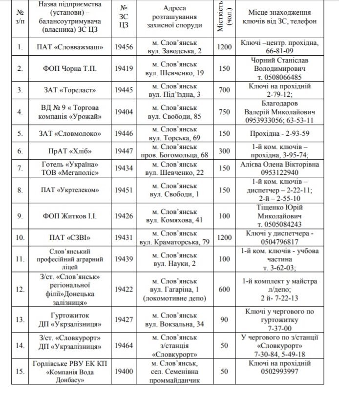 В связи с нестабильной ситуацией в стране публикуем перечень защитных сооружений, которые работают в Славянске.
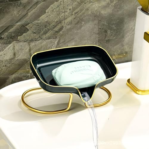 - This acrylic soap dish features a sleek, modern design with a sturdy gold metal stand, adding an elegant touch to any bathroom decor. Its contemporary style is imported, ensuring a fashionable look that complements various interior themes.
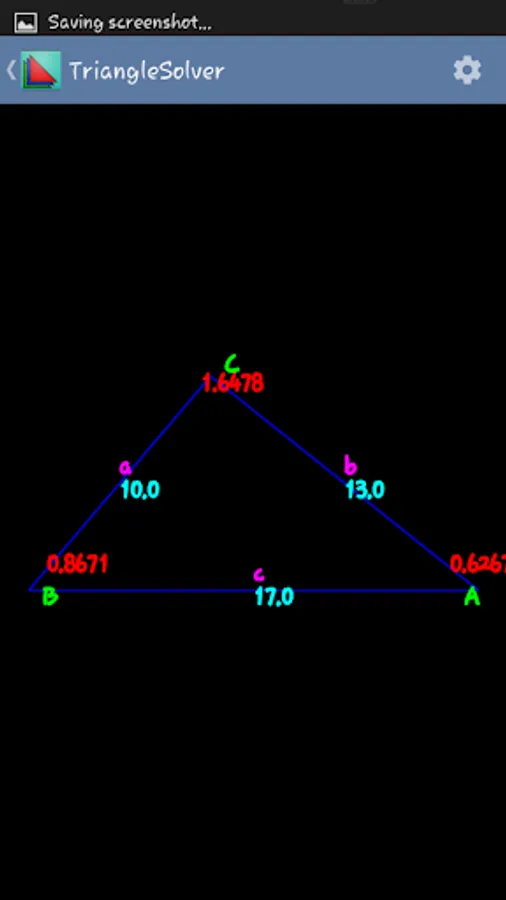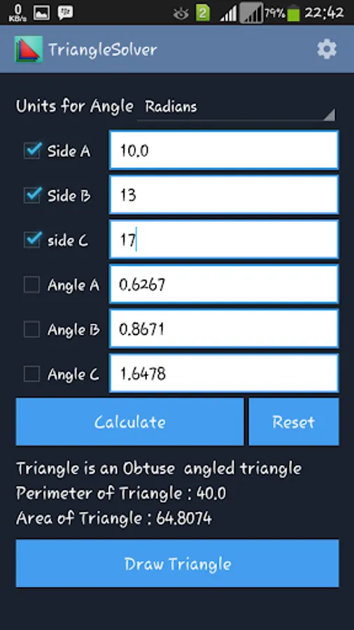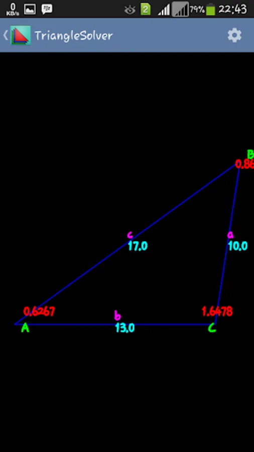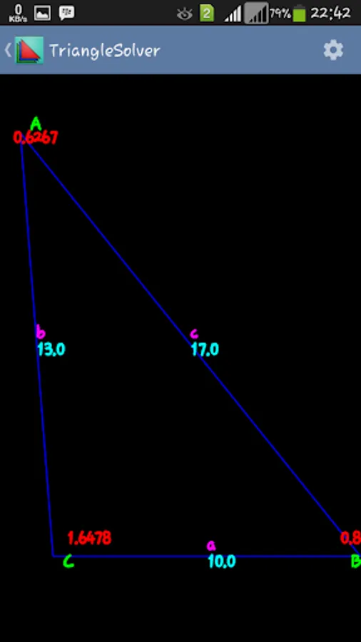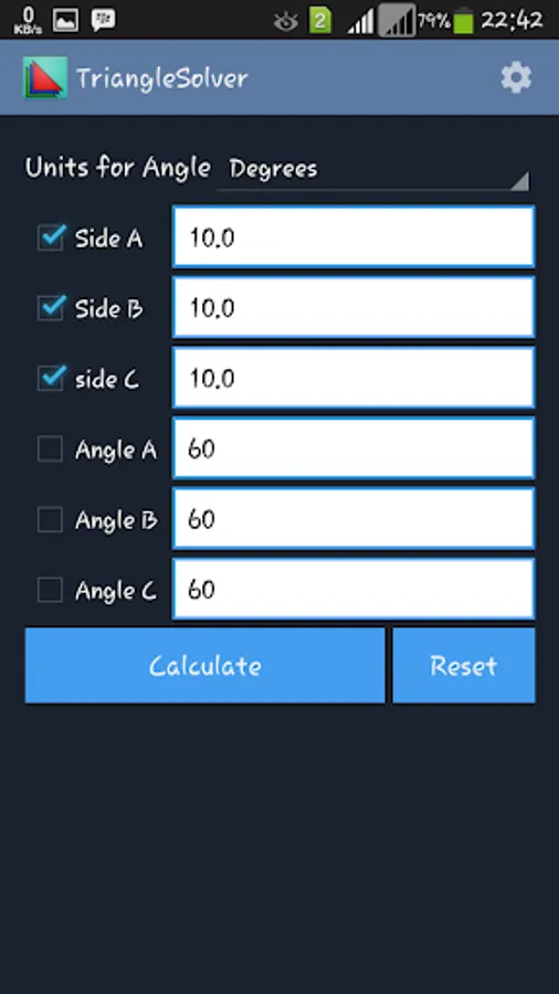 Simple Application to solve for missing parameters (sides or angles) for triangle.Given three parameters (sides or angles) the app automatically computes the remaining parameters.
____________
Pictures aside, reproduce all of the material above without alteration.

## Written reply
 В связи с нестабильной ситуацией в стране публикуем перечень защитных сооружений, которые работают в Славянске.
 - This acrylic soap dish features a sleek, modern design with a sturdy gold metal stand, adding an elegant touch to any bathroom decor. Its contemporary style is imported, ensuring a fashionable look that complements various interior themes.
 Simple Application to solve for missing parameters (sides or angles) for triangle.Given three parameters (sides or angles) the app automatically computes the remaining parameters.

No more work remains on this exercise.